I also spent two days in New York City this week. My friend Glenn and I went to my favorite wine bar, Gottino, and drank Italian wine and ate all kinds of salumi. The wine was a super Tuscan. The salumi did not come from Manhattan. (Note to self: Why do you always go to Gottino? Are you the most boring person ever?)
Another night, my husband, Lorne, worked late so the kids and I got an extra cheese and pepperoni pizza from Fellini’s on Wickenden Street. Enough said.
At week’s end, I realize I would be a very hungry, dairy-heavy locavore.
Week Two:
There are three kinds of locavores: wild card, which means you buy everything you can that has been grown locally, then buy from small local producers to supplement, and also give yourself some luxury items, like salt and coffee (purists, even Barbara Kingsolver who spent a year, God help her, as a locavore raising her own food in Virginia, allowed her family to choose luxury items. FYI, they chose chocolate, dried fruit, spices and coffee); Marco Polo, which allows you to use any spice or food item on the Spice Route; and then the hard line (must live in places like California or Hawaii) locavores. I’m going to spend a week trying each. This week, I get to do wild card! Phew!

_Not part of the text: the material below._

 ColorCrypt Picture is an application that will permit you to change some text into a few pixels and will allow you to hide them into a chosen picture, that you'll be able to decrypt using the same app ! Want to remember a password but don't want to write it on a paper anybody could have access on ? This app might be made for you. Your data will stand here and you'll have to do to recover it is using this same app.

The thing is, I love grocery stores. I love food shopping. I love to cook. Looking for locally grown or produced items with the fall-back that I can also get parmesan cheese from Parma and olive oil from a small farm in California actually delights me. I roam the aisles of Whole Foods humming “Food, glorious food” from Oliver! and reading packaging labels. Being a Wild Card locavore is terrific. I feel smug—hey! I’m helping the environment!—and I feel challenged. Those strawberries from Peru? No way! But that bag of local apples is a winner. And I can buy goat cheese from Massachusetts and stuff it in an organic chicken.

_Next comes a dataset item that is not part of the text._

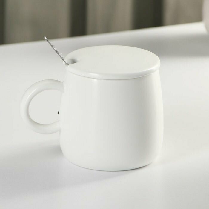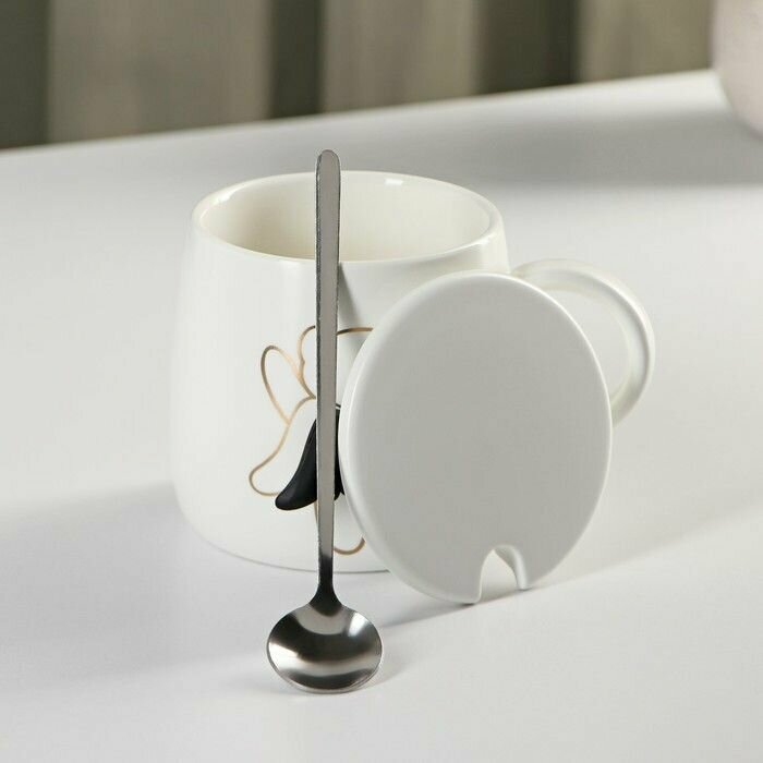Кружка керамическая с крышкой и ложкой Ангелок, 350 мл, цвет белый информация:

Disclaimer: I am not someone who eats bad food (see above diet notes). But like the rest of us, I can get lazy. Hey! If Prince macaroni is on sale ten for $10 at Stop and Shop, I don’t buy Barilla just because it comes from Italy. And I have a three-year-old who loves canned anything: corn, peas, carrots. I have no idea where those vegetables came from. But when you have a three-year-old who will only eat these three things, you give them to her. (Sorry, Al Gore!)

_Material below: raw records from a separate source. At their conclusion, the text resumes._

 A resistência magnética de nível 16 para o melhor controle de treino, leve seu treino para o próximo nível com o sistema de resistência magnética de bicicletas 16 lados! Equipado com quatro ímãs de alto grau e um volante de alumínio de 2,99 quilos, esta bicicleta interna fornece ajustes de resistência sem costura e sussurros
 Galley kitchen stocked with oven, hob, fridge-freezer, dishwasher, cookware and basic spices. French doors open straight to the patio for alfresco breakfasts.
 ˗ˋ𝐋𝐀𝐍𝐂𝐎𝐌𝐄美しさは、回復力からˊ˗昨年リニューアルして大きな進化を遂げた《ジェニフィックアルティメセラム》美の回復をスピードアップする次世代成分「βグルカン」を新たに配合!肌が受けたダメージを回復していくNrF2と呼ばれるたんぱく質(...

Also, my husband is not a vegetable lover, but he likes salad. I make him beautiful salads with that mesclun mix from those big bins with the tongs sticking out of them at the grocery store. I don’t know where that mesclun mix is grown. I even asked someone who worked at the supermarket but he just shrugged and scurried off. Does being a Wild Card locavore mean depriving my husband of the mystery mesclun mix? Does the man have to eat kale? I hesitate. My conscience gets the best of me, and I pass right past that mesclun. However, I also pass the two local vegetables highlighted: kale and turnips. I make an executive decision:
Except for Annabelle (come on, she’s only three), we will not have any vegetables.
This week passes happily, and I feel both superior to the shoppers around me, throwing asparagus into their carts with reckless abandon, and smarter. It takes work to do this. But with the forgiveness of the wild card, I am able to buy bread from Seven Stars, risotto from Italy, lots of brie.